From November 2017 to January 2018, the Public Health Agency of Canada (PHA) identified romaine as being linked to illness in 41 persons in Canada. A probably related outbreak affected 25 people in 15 states of the U.S. who ate leafy greens, but the U.S. Centers for Disease Control (CDC) were unable to confirm that it was romaine in particular. There was one death. The disease agent was Shiga toxin-producing E. coli O157:H7. The most recent illness started on December 12, 2017; the PHA declared the outbreak over on January 10, 2018, and the CDC declared it over on January 25.

In response to another E. coli O157:H7 outbreak, which probably began in mid-March 2018, the CDC recommended in April 2018 that consumers not buy or eat romaine lettuce unless they could confirm it was not from the Yuma, Arizona, growing region. On May 22, 2018, after a month-long warning, the CDC announced it was now safe to consume romaine again. The outbreak killed five people and caused 89 hospitalizations across 32 states. In June 2018, the Food and Drug Administration (FDA) traced the source of the latest E. coli outbreak to water from a canal located in Yuma, Arizona.

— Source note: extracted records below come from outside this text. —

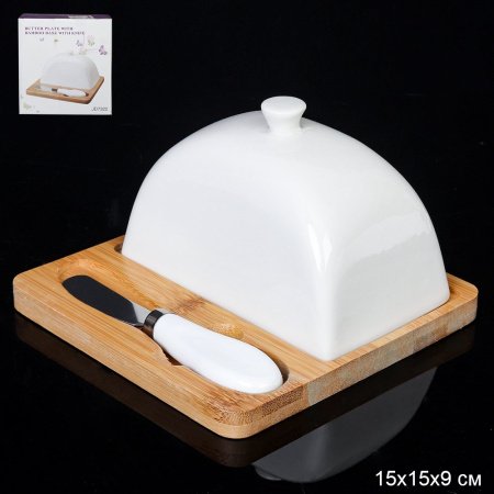 Масленка с крышкой для хранения и сервировки масла выполнена из высококачественного фарфора.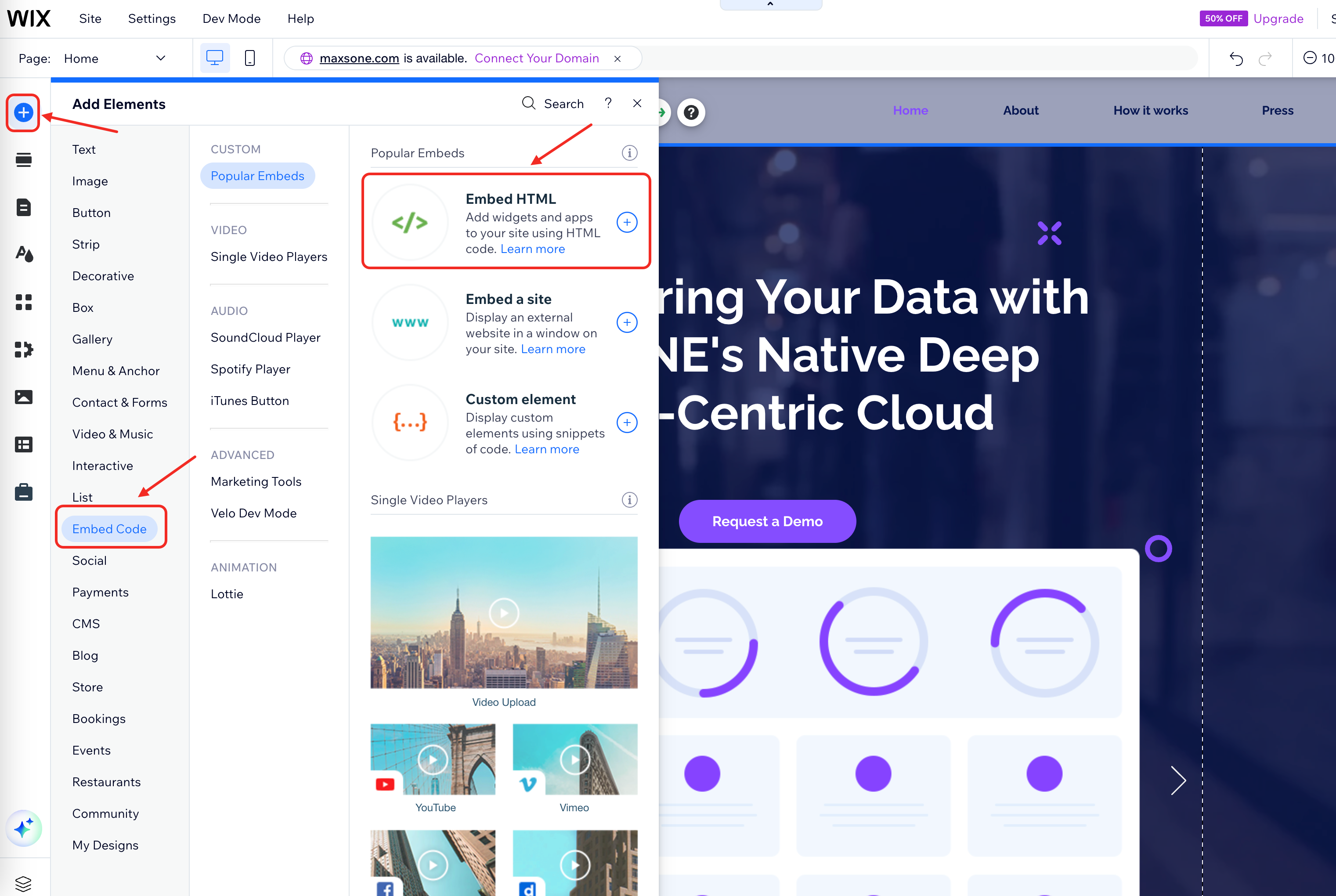 - Click the Add Elements button on the left sidebar of the Wix site editor. Then scroll down to locate and click on Embed Code, followed by Popular Embeds and then Embed HTML.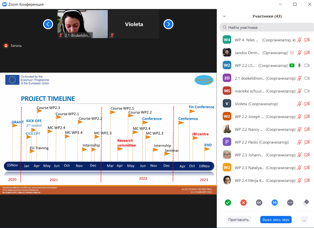 In this regard, on January 11-13, 2021, an online kick-off meeting was held on this project. At the meeting, the Kazakh and European partners discussed the project’s objectives related to modern challenges in the field of Nursing, innovations in Nursing, new prospects for students in this specialty and practicing nurses.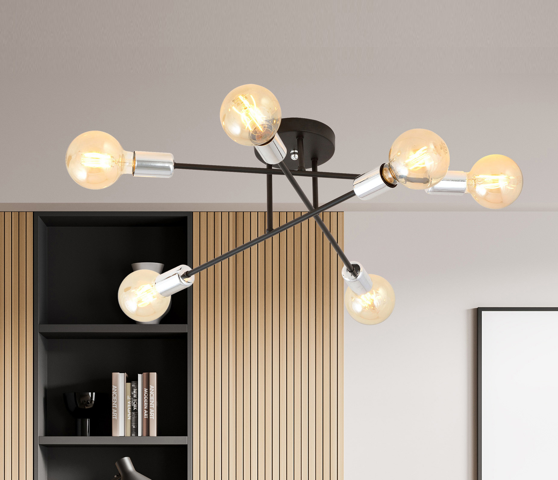 Als je op zoek bent naar speciale plafondverlichting, dan ben je bij Myplanetled.com goed terechtgekomen. Koop deze plafondlamp zwart met 6 armen zilveren E27 voet en we leveren deze snel en met de grootste zorg tot bij u. Ook voor meerdere stuks of professionele aankoop kan u bij ons terecht. Contacteer ons via chat, mail of telefoon en u zal overtuigd worden door onze vakkennis en service.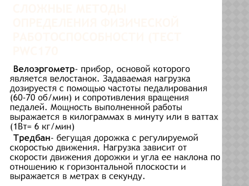 Слайд 47Сложные методы определения физической работоспособности (тест PWC170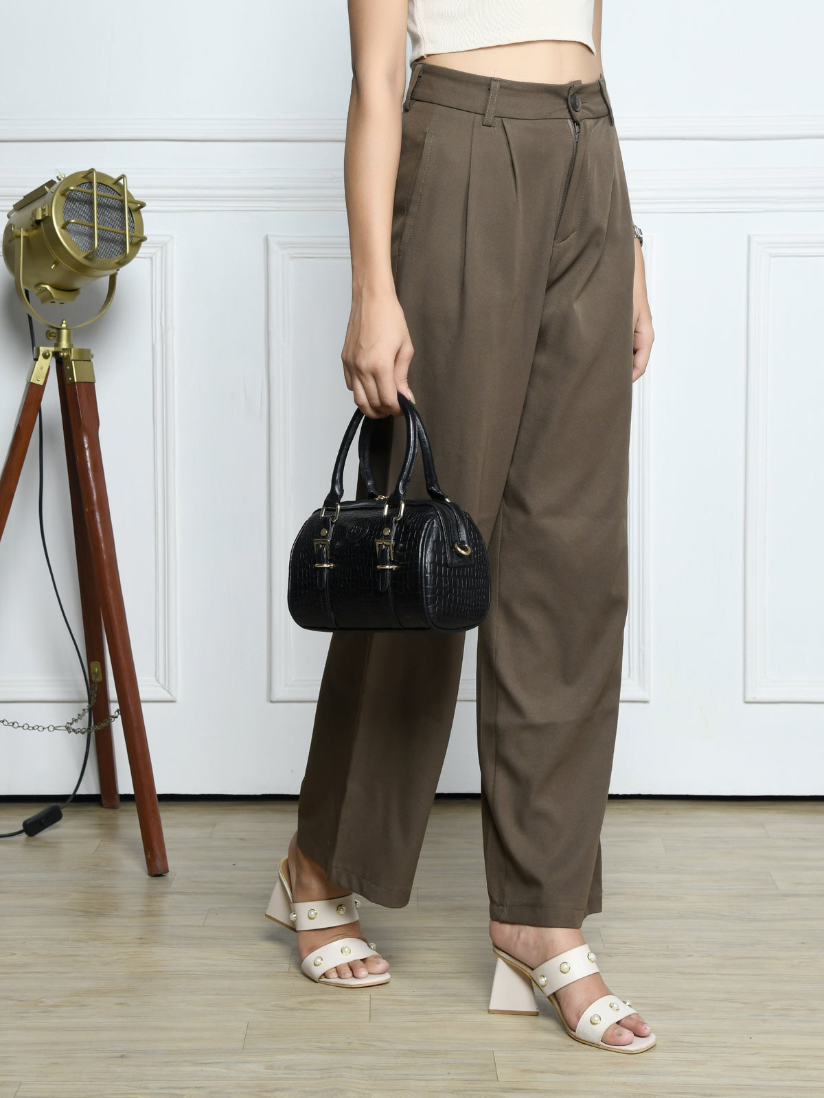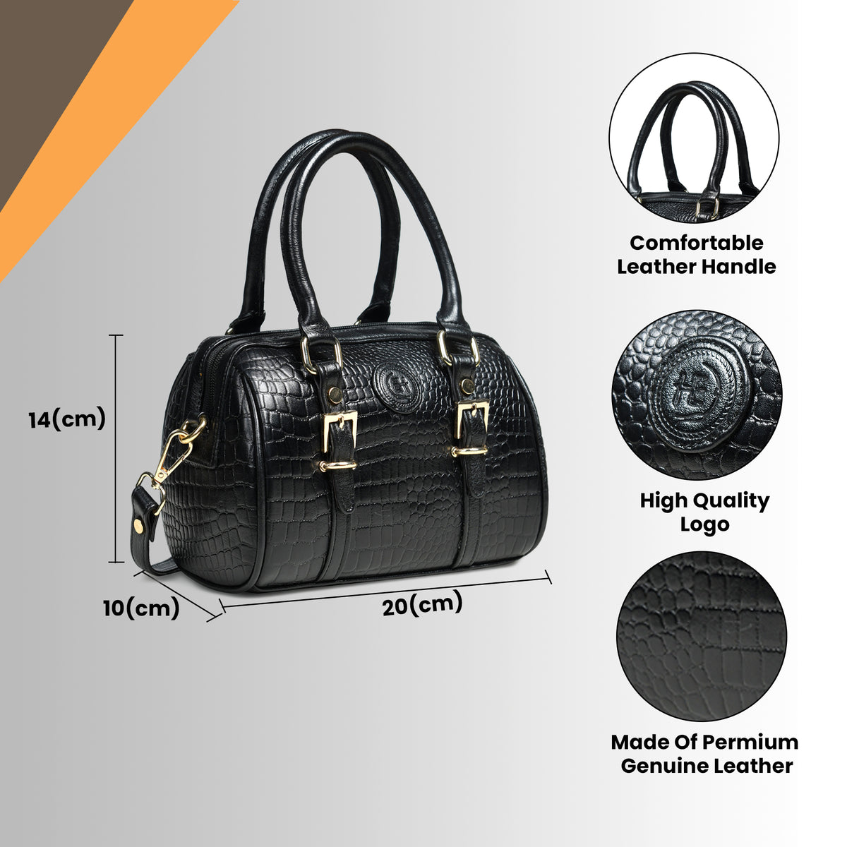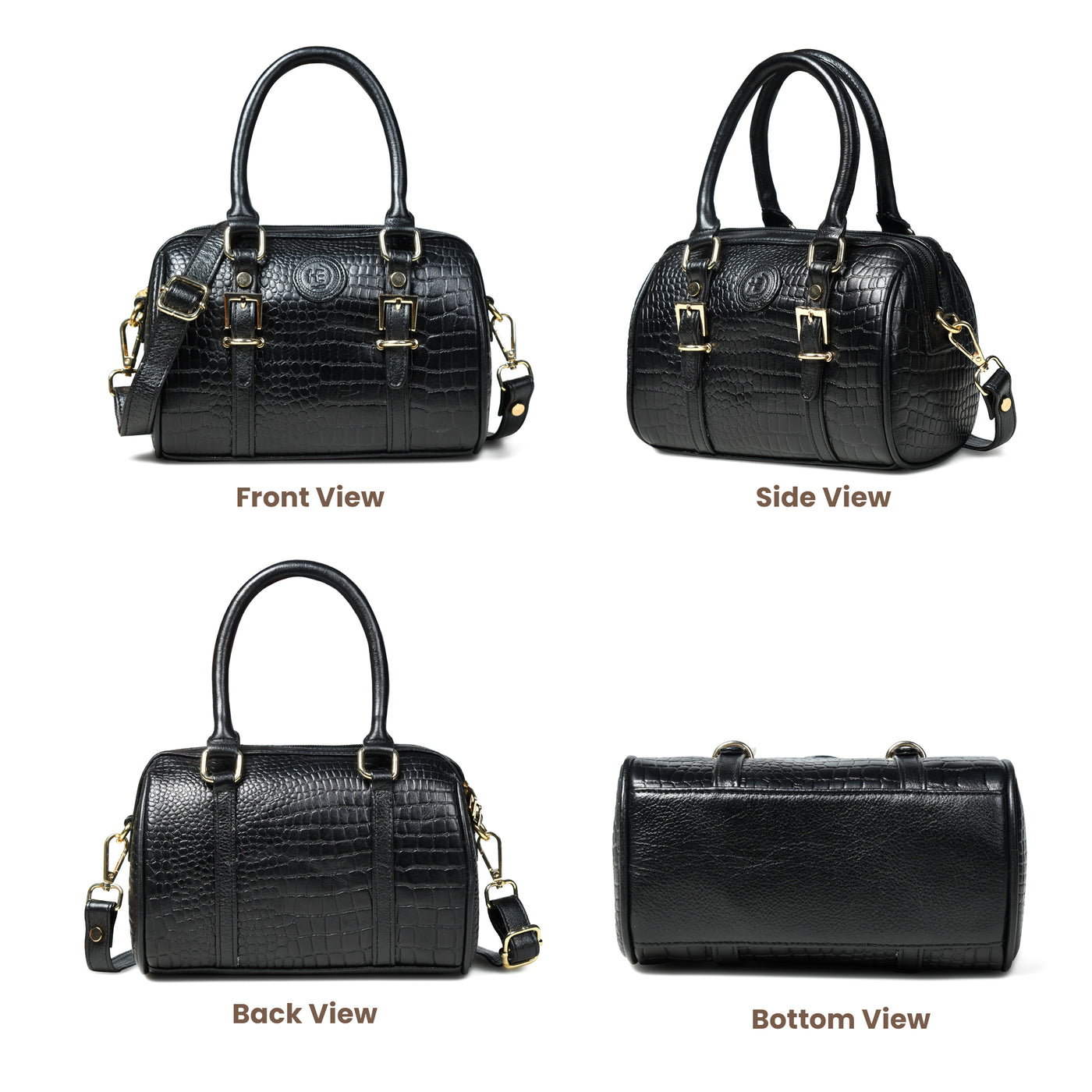 Emerald Luxe Croc Satchel Bag - Black Colour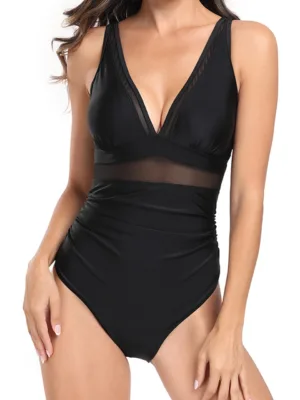 Polychrome One Piece Mesh Swimwear 2025 Women Deep V-Neck Bodysuit Summer Beachwear Female Bathers Bathing Swimming Swimsuit 2XL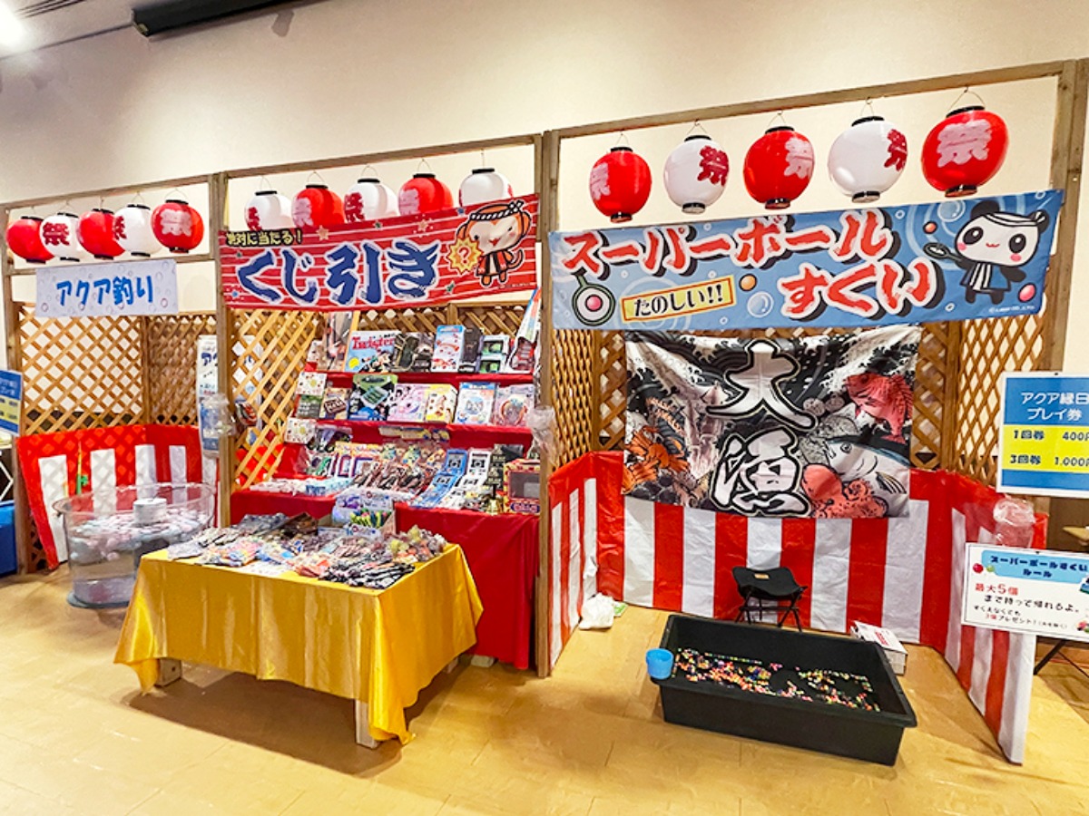 タッチコーナー付近にはカメの餌やりやくじびきなど、縁日のようなイベントも開催されていましたよ。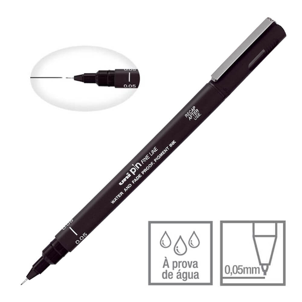 Caneta Técnica Nanquim Uni Pin Fine Line Preta Ponta 0.05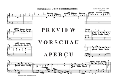 Fughetta super: Gottes Sohn ist kommen BWV 703 - Sheet Music for Klavier/Cembalo/Orgel Solo Johann Sebastian Bach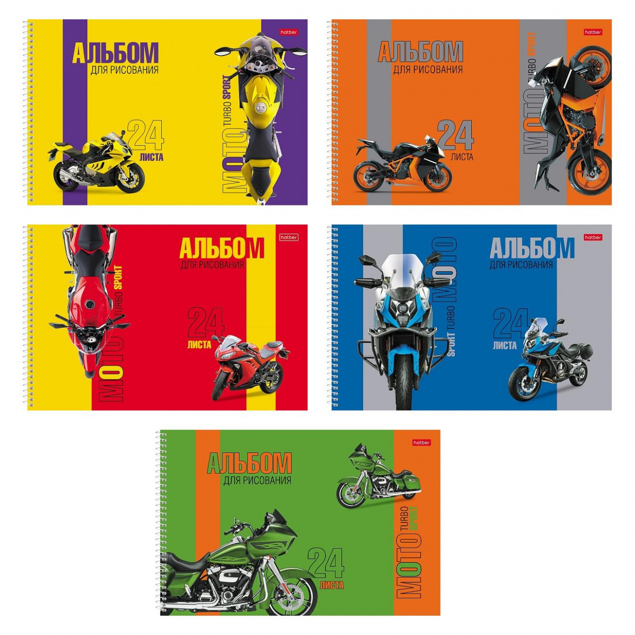 АЛЬБОМ для рисования 24л А4ф перфорация на отрыв на спирали выб лак 5 диз.в блоке серия -TurboМото-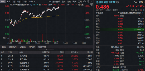 3月16日午后,港股通创新药板块再度拉升,100%创新药研发标的——港股通创新药ETF(520880)表现活跃,场内价格现涨2.53%,成交额为3.77亿元。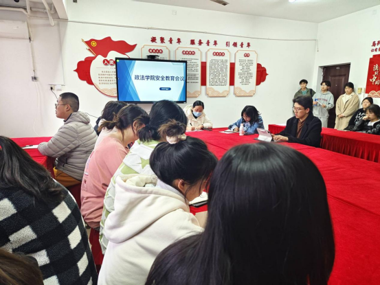 (政法学院 通讯员 何子涵)为进一步增强学生校园安全意识,保障广大师生的人身安全和财产安全,切实筑牢校园安全防线。政法学院于3月27日晚上6点在北区11栋3楼政法学院“一站式”学生社区召开班委及寝室长消防安全教育会。出席本次会议的有政法学院党委副书记汪萃萃、学工办主任陈都河川、辅导员邓仕元、李竹颖、何子涵,以及全体寝室长、主要班委。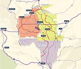A map and graphic from the Columbia Basin Development League website showing the cities, canals …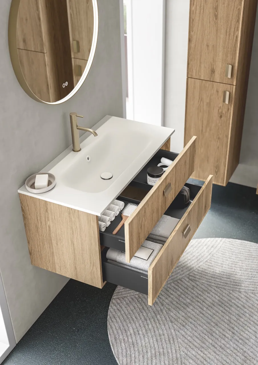 Quadra ist ein vielseitiges Badmöbelprogramm, das sich flexibel an Raumgrößen und Stilrichtungen anpasst.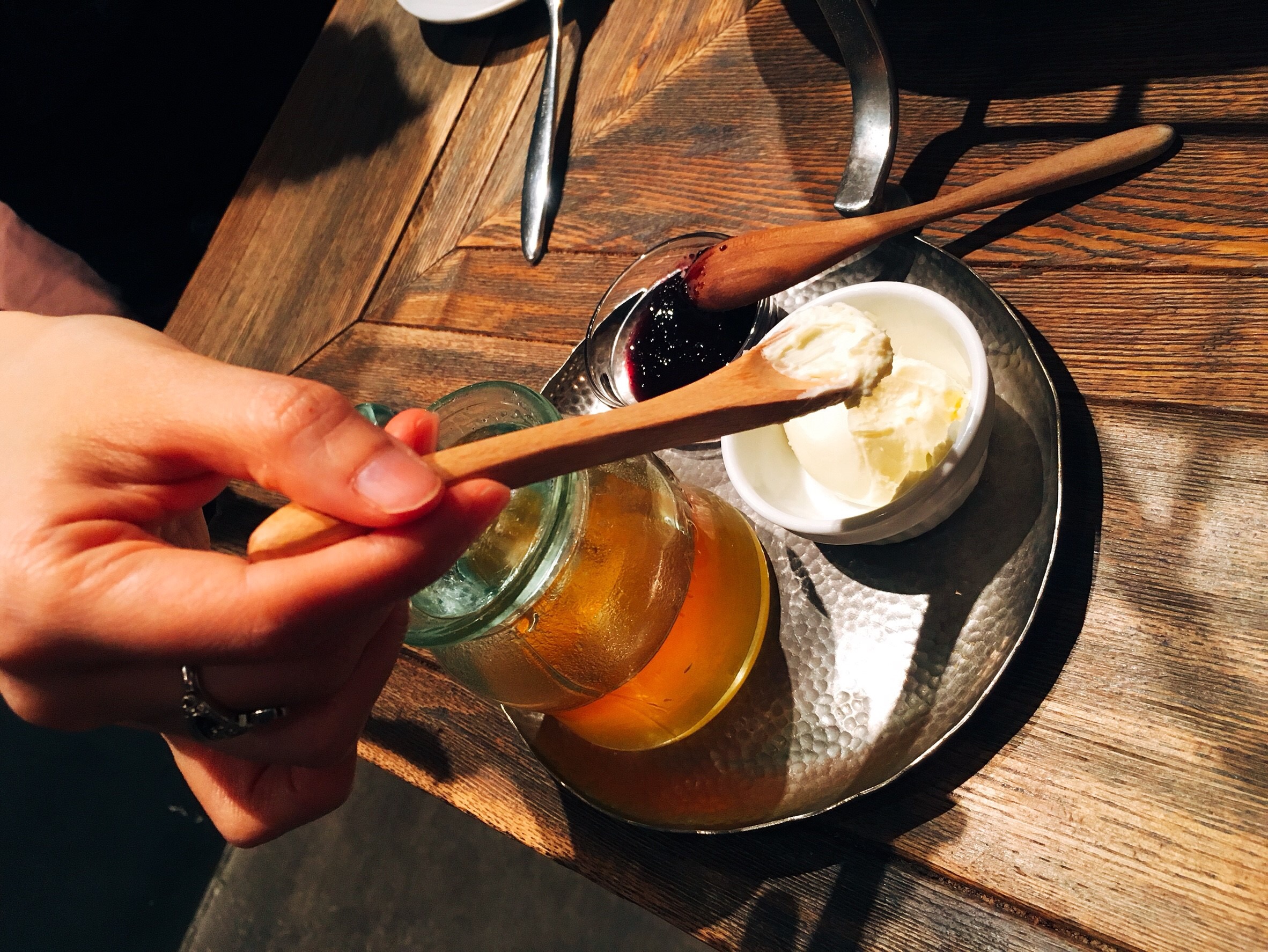 另外如果在平日午餐時間去的話,可以點他們的午間套餐,任何套餐會附上店裡經典的英式吐司和有機生菜沙拉,兩個人的份量是一個一斤的英式吐司,一個人可以吃半斤。隨著吐司而來的店家特製奶油竟然好吃到讓人一吃上癮,與烤得香噴噴的吐司簡直是天作之合,保證令人一吃難忘。最有趣的地方是主菜的選擇雖然有沙朗牛排和挪威香草燻鮭魚,如果不喜歡這兩樣主菜的人還可以選擇自家製的酵母熱烤三明治或低糖質白胡麻核桃麵包。麵包控的朋友們可能會選後面這兩樣吧,一整個套餐下來一直吃麵包也不會膩,喜歡麵包的朋友們一定要來體驗一下囉。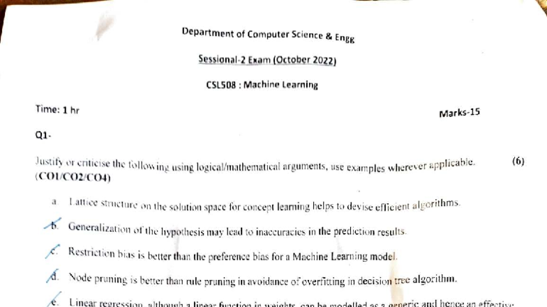 KCA054 Machine Learning Final Exam Question Paper 2023 - Studocu

In November 2018, the CDC and PHA issued a warning to consumers that romaine lettuce should not be consumed in any form, and that they should dispose of any currently on hand. The same strain of E. coli identified in the 2017-2018 outbreak was implicated. At least 43 people became ill in this outbreak, which the FDA traced to one of six counties in central California: Monterey, San Benito, San Luis Obispo, Santa Barbara, Santa Cruz and Ventura.

==Growers==
In North American supermarkets, romaine is widely available year-round. Many US growers of romaine lettuce farm in Salinas, California, in the summer and the Imperial Valley and Yuma, Arizona, in the winter, relying on day laborers crossing the border from Mexico. Much of the romaine lettuce sold in northern Europe is grown in southern Spain, relying on migrant laborers from Africa.